24 hours on TV
Cape May’s Carrie Locklyn takes on QVC
By Klein Aleardi

When Carrie Locklyn leaves her Haddonfield home to commute to the office, it’s still dark outside. Like, dark dark. Because it’s around 9 pm.

As a QVC guest host presenting the shopping channel’s signature home line, Home Reflections, the Cape May native regularly takes the one-hour trip to West Chester, PA, for a full day – sometimes longer – of live TV. 

“I’ll be on air for about half an hour at a time, then I might have an hour break before I’m back on again,” Locklyn says.  

Luckily, the studios are located in QVC’s headquarters, a campus of sorts complete with a coffee shop, cafeteria, lots of open space and a handful of fellow QVC employees to help pass the time. 

For Locklyn, activities between appearances usually consist of drinking coffee, eating pieces of candy and taking advantage of the massage chairs in the green room while QVC plays in the background (there’s a TV in every room playing QVC – some even have the airings from different countries around the globe). 

“I’m careful with how much I eat on my breaks,” Locklyn says. “Because if you eat too much you can get tired and feel numb. And when you’re on air, you have to be on. I wouldn’t quite say it’s like being an athlete, but it does have endurance to it.”  
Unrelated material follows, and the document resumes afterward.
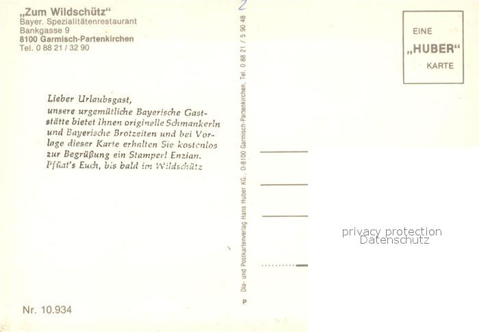 73323212 GARMISCH-PARTENKIRCHEN Bayern Restaurant Zum Wildschuetz Gesamtansicht mit Alpenpanorama Huber Karte Nr 10934 postalisch nicht gelaufen Erhaltung siehe scans [FriedD77] KatCode: 11110009180117

During those breaks, she’s probably brushing up on everything there is to know about the products she’ll be introducing to millions of viewers in the next segment. You’ll never see Locklyn on air with any kind of cheat sheet, that’s a QVC faux pas. “It’s all from memory,” she says. 

Her ability to stay on her feet and keep so much information organized in her head are skills she credits to her eclectic resume. She’s been a professional dancer, a bartender, a TV host for HGTV’s “Extreme Makeover: Home Edition” and other shows, as well as a stand-up comedian and improv performer.  
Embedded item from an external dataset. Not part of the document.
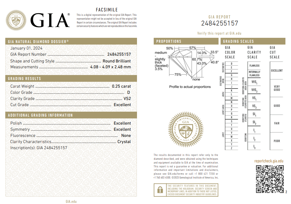 Orecchini punti luce in oro bianco 750 °/°° con due diamanti naturali taglio brillante del peso di ct. 0.25 ciascuno. Entrambi di colore D, purezza VS2, dal taglio Excellent, Excellent/Very Good, Very Good . Entrambi i diamanti sono corredati da certificato internazionale GIA e incisione laserscribe del numero di certificato sulle pietre. Garanzia Biffigioielli.

“It’s kind of like remembering choreography or remembering the recipe of a drink, and you’re also presenting and entertaining at the same time,” Locklyn says. “I’ll use each product in my personal life and look at it from a functional end first. Then, of course, from the beauty side. Then I learn the technical pieces.” 

“So if I’m presenting a set of sheets, I learn where the cotton is from, how it washes, how it stretches and breathes. I have a Rolodex of information in my brain, with everything I want to say about the product. Sometimes, the host will ask me a question that I didn’t think of, but because I know the product so well, I’ll be able to answer it.”

And then…it repeats. But it’s never the same, says Locklyn. Because each time she goes on air, she’s introducing viewers to a different product. Since first appearing on the network in 2018, she’s shown everything from decorative lanterns and charcuterie boards to travel pillows. 

None of these segments are scripted, she notes. Everything you’re seeing is off-the-cuff, which leaves some room for creative choices, but zero room for switching to autopilot. “Every time I present, I’m presenting a different product with a different host at a different time of the day and a different week. And anything can happen – it’s live TV.” 

Like the time Locklyn presented a set of towels that are described as “super absorbent.” But that phrase can sound jumbled when you say it out loud, so she decided to pivot. “On air, I decided to say, ‘these towels really suck up the water in a minute,’” Locklyn says. “And the second I heard myself say it out loud, I thought, ‘No, don’t do that again.’” 

The longest stretch of time Locklyn has spent at the studio has been 26 hours, when she was presenting a product for Today’s Special Value – TSV for short – which is the network’s extra-special deal that is offered for 24 hours. It’s something she’s participated in multiple times. 

“For those, I have to be there at 10 pm the night before, and then we’ll debut it at midnight, present it throughout the morning, have a small break, then start back up at 7 am for the rest of the day.” 

Leading up to that midnight debut, Locklyn will meet with producers, do a walkthrough on the set, speak with the host, speak with the directors and set designers to make sure everyone’s on the same page. But for regular segments, there’s no rehearsal. It’s just go. 

Some people would be turned off by weird hours and the stress of live television, but for Locklyn, this has always been a bucket list item.

“I’ll have these moments when I go through the security check-in and I think, ‘Wow, I watched this with my mom and my grandma and here I am,’” she says. “And my mom still watches every single one of my airings.”